### Records shown:

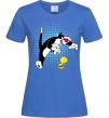 Футболка приталенного кроя с боковыми швами. Ткань 100% хлопок - мягкая и приятная на ощупь. После стирки, при правильном уходе, футболка не растягивается, не садится и не линяет. Нанести принт Сильвестр та Твіті на футболку можно на грудь, на спину, на рукав. Цвет принта можно заказать любой!
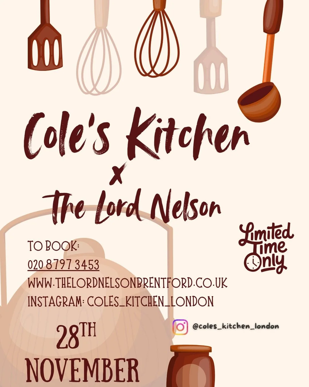 Delighted to have Cole’s Kitchen back for another pop-up full of delcious food & great vibes. Adam’s been a busy boy since we last had him here, getting rave reviews for his food at pop-ups and residencies all over London so you aren’t going to want to miss this. Tables will go fast so grab some friends & book soon. You can see the menu on our social pages.
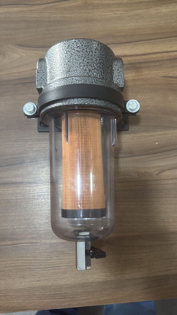 Filtro de linha para Diesel/Biodiesel, com cúpula de alta resistência e maior transparência, cabeçote de alumínio com pintura eletrostática, rosca sem garra para evitar quebra da cúpula, acompanha chave de alumínio e abraçadeiras de fixação.
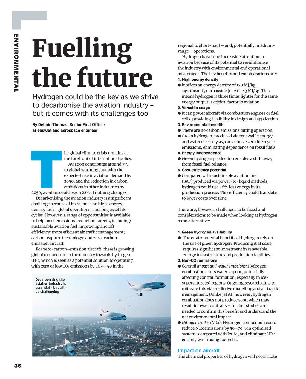E N V I R O N M E N TA L Fuelling the future Hydrogen could be the key as we strive to decarbonise the aviation industry but it comes with its challenges too By Debbie Thomas, Senior First Officer at easyJet and aerospace engineer T he global climate crisis remains at the forefront of international policy. Aviation contributes around 3% to global warming, but with the expected rise in aviation demand by 2050, and the reduction in carbon emissions in other industries by 2050, aviation could reach 22% if nothing changes. Decarbonising the aviation industry is a significant challenge because of its reliance on high-energydensity fuels, global operations, and long asset lifecycles. However, a range of opportunities is available to help meet emissions-reduction targets, including: sustainable aviation fuel; improving aircraft efficiency; more efficient air traffic management; carbon-capture technology; and zero-carbonemission aircraft. For zero-carbon-emission aircraft, there is growing global momentum in the industry towards hydrogen (H2), which is seen as a potential solution to operating with zero or low CO2 emissions by 2035-50 in the Decarbonising the aviation industry is essential but will be challenging regional to short-haul and, potentially, mediumrange operations. Hydrogen is gaining increasing attention in aviation because of its potential to revolutionise the industry with environmental and operational advantages. The key benefits and considerations are: 1. High energy density I t offers an energy density of 120 MJ/kg, significantly surpassing Jet A1s 43 MJ/kg. This means hydrogen is three times lighter for the same energy output, a critical factor in aviation. 2. Versatile usage I t can power aircraft via combustion engines or fuel cells, providing flexibility in design and application. 3. Environmental benefits T here are no carbon emissions during operation. G reen hydrogen, produced via renewable energy and water electrolysis, can achieve zero life-cycle emissions, eliminating dependence on fossil fuels. 4. Energy independence G reen hydrogen production enables a shift away from fossil fuel reliance. 5. Cost-efficiency potential C ompared with sustainable aviation fuel (SAF) produced via power-to-liquid methods, hydrogen could use 36% less energy in its production process. This efficiency could translate to lower costs over time. There are, however, challenges to be faced and considerations to be made when looking at hydrogen as an alternative: 1. Green hydrogen availability The environmental benefits of hydrogen rely on the use of green hydrogen. Producing it at scale requires significant investment in renewable energy infrastructure and production facilities. 2. Non-CO2 emissions C ontrail impact and water emissions: Hydrogen combustion emits water vapour, potentially affecting contrail formation, especially in icesupersaturated regions. Ongoing research aims to mitigate this via predictive modelling and air traffic management. Unlike Jet A1, however, hydrogen combustion does not produce soot, which may result in fewer contrails further studies are needed to confirm this benefit and understand the net environmental impact. N itrogen oxides (NOx): Hydrogen combustion could reduce NOx emissions by 5070% in optimised systems compared with Jet A1, and eliminate NOx entirely when using fuel cells. Impact on aircraft The chemical properties of hydrogen will necessitate 36 THE LOG Spring 25 pp36-37 Sustainability.indd 36 17/03/2025 14:22
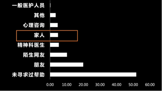 虽然有79%的自杀者希望自己的行为被干预,但只有不到一半的人真正求助过,而求助对象中,本应该最亲近的家人,排名居然在网友之后:
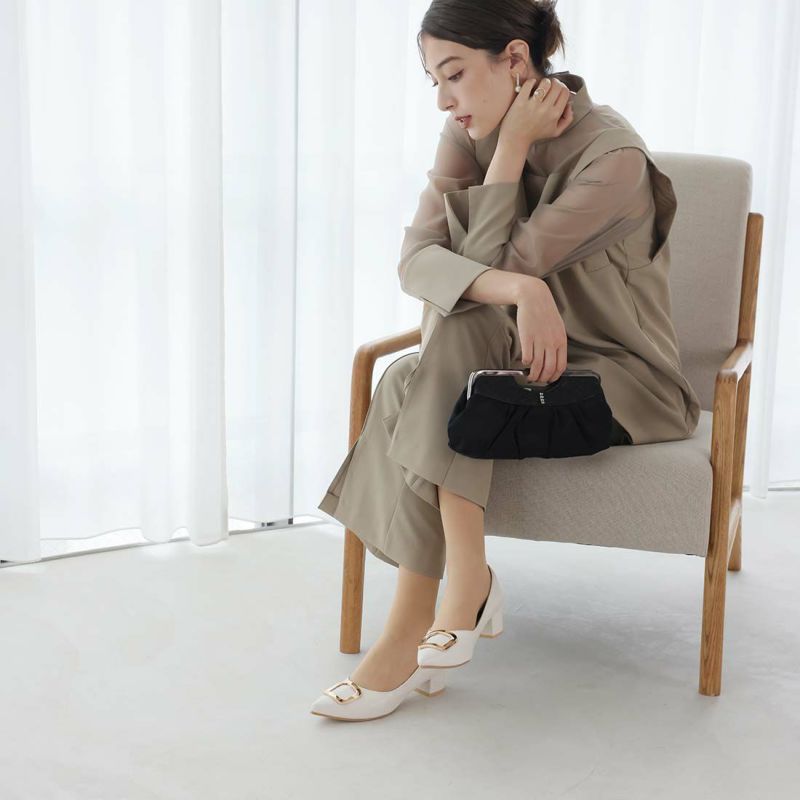 ・ポインテッドトゥ×ブロックヒールで甘くなりすぎない上品フォルム。
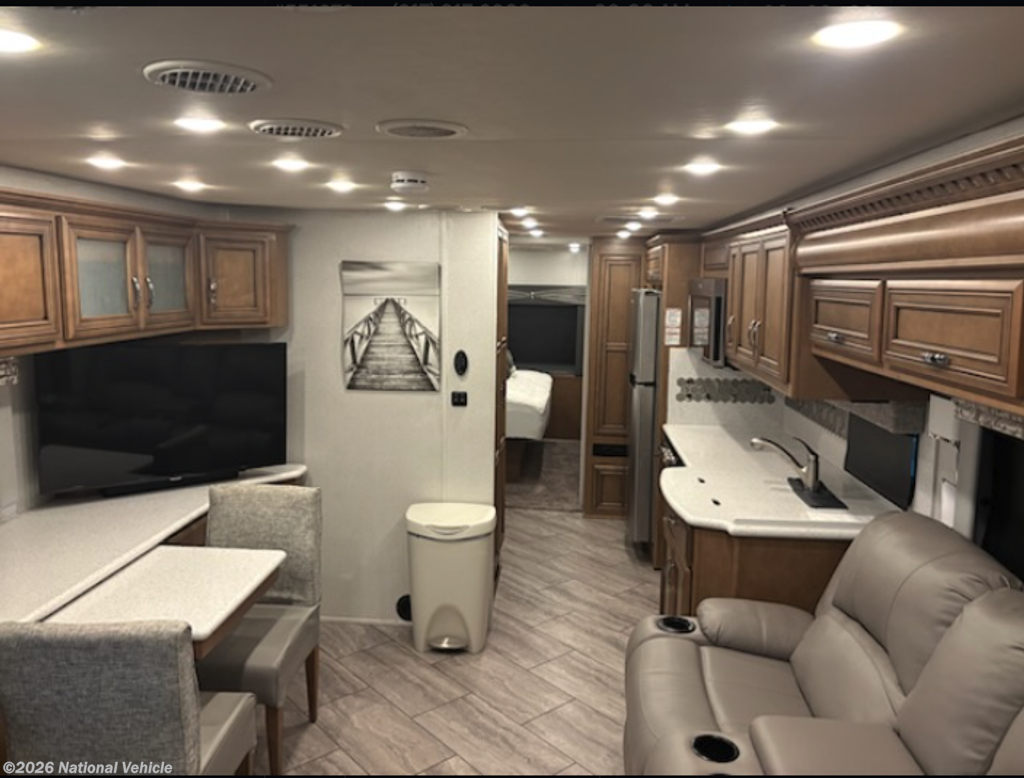 It is a couple coach, with theater seats, convection microwave, kingsize mattress, 2 slide topper, LED's, 40in x 30 in shower, lots of storage inside and outside, will row 5k lbs, it has a gas engine and is 33ft long. Newer Michelin tires (2023).
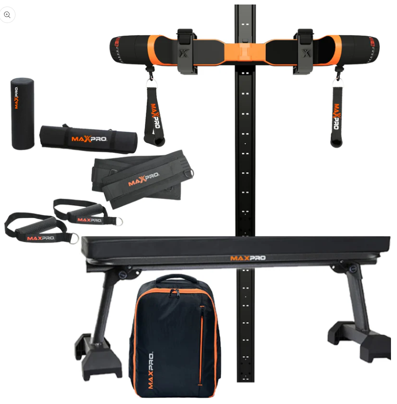 What's Included: MAXPRO SmartConnect, SlimLine Wall Track, Foldable Bench, and MAXPACK Backpack.

### Task requirements:
Print the material above verbatim, no images.

### Expected answer:
 Футболка приталенного кроя с боковыми швами. Ткань 100% хлопок - мягкая и приятная на ощупь. После стирки, при правильном уходе, футболка не растягивается, не садится и не линяет. Нанести принт Сильвестр та Твіті на футболку можно на грудь, на спину, на рукав. Цвет принта можно заказать любой!
 Delighted to have Cole’s Kitchen back for another pop-up full of delcious food & great vibes. Adam’s been a busy boy since we last had him here, getting rave reviews for his food at pop-ups and residencies all over London so you aren’t going to want to miss this. Tables will go fast so grab some friends & book soon. You can see the menu on our social pages.
 Filtro de linha para Diesel/Biodiesel, com cúpula de alta resistência e maior transparência, cabeçote de alumínio com pintura eletrostática, rosca sem garra para evitar quebra da cúpula, acompanha chave de alumínio e abraçadeiras de fixação.
E N V I R O N M E N TA L Fuelling the future Hydrogen could be the key as we strive to decarbonise the aviation industry but it comes with its challenges too By Debbie Thomas, Senior First Officer at easyJet and aerospace engineer T he global climate crisis remains at the forefront of international policy. Aviation contributes around 3% to global warming, but with the expected rise in aviation demand by 2050, and the reduction in carbon emissions in other industries by 2050, aviation could reach 22% if nothing changes. Decarbonising the aviation industry is a significant challenge because of its reliance on high-energydensity fuels, global operations, and long asset lifecycles. However, a range of opportunities is available to help meet emissions-reduction targets, including: sustainable aviation fuel; improving aircraft efficiency; more efficient air traffic management; carbon-capture technology; and zero-carbonemission aircraft. For zero-carbon-emission aircraft, there is growing global momentum in the industry towards hydrogen (H2), which is seen as a potential solution to operating with zero or low CO2 emissions by 2035-50 in the Decarbonising the aviation industry is essential but will be challenging regional to short-haul and, potentially, mediumrange operations. Hydrogen is gaining increasing attention in aviation because of its potential to revolutionise the industry with environmental and operational advantages. The key benefits and considerations are: 1. High energy density I t offers an energy density of 120 MJ/kg, significantly surpassing Jet A1s 43 MJ/kg. This means hydrogen is three times lighter for the same energy output, a critical factor in aviation. 2. Versatile usage I t can power aircraft via combustion engines or fuel cells, providing flexibility in design and application. 3. Environmental benefits T here are no carbon emissions during operation. G reen hydrogen, produced via renewable energy and water electrolysis, can achieve zero life-cycle emissions, eliminating dependence on fossil fuels. 4. Energy independence G reen hydrogen production enables a shift away from fossil fuel reliance. 5. Cost-efficiency potential C ompared with sustainable aviation fuel (SAF) produced via power-to-liquid methods, hydrogen could use 36% less energy in its production process. This efficiency could translate to lower costs over time. There are, however, challenges to be faced and considerations to be made when looking at hydrogen as an alternative: 1. Green hydrogen availability The environmental benefits of hydrogen rely on the use of green hydrogen. Producing it at scale requires significant investment in renewable energy infrastructure and production facilities. 2. Non-CO2 emissions C ontrail impact and water emissions: Hydrogen combustion emits water vapour, potentially affecting contrail formation, especially in icesupersaturated regions. Ongoing research aims to mitigate this via predictive modelling and air traffic management. Unlike Jet A1, however, hydrogen combustion does not produce soot, which may result in fewer contrails further studies are needed to confirm this benefit and understand the net environmental impact. N itrogen oxides (NOx): Hydrogen combustion could reduce NOx emissions by 5070% in optimised systems compared with Jet A1, and eliminate NOx entirely when using fuel cells. Impact on aircraft The chemical properties of hydrogen will necessitate 36 THE LOG Spring 25 pp36-37 Sustainability.indd 36 17/03/2025 14:22
 虽然有79%的自杀者希望自己的行为被干预,但只有不到一半的人真正求助过,而求助对象中,本应该最亲近的家人,排名居然在网友之后:
 ・ポインテッドトゥ×ブロックヒールで甘くなりすぎない上品フォルム。
 It is a couple coach, with theater seats, convection microwave, kingsize mattress, 2 slide topper, LED's, 40in x 30 in shower, lots of storage inside and outside, will row 5k lbs, it has a gas engine and is 33ft long. Newer Michelin tires (2023).
 What's Included: MAXPRO SmartConnect, SlimLine Wall Track, Foldable Bench, and MAXPACK Backpack.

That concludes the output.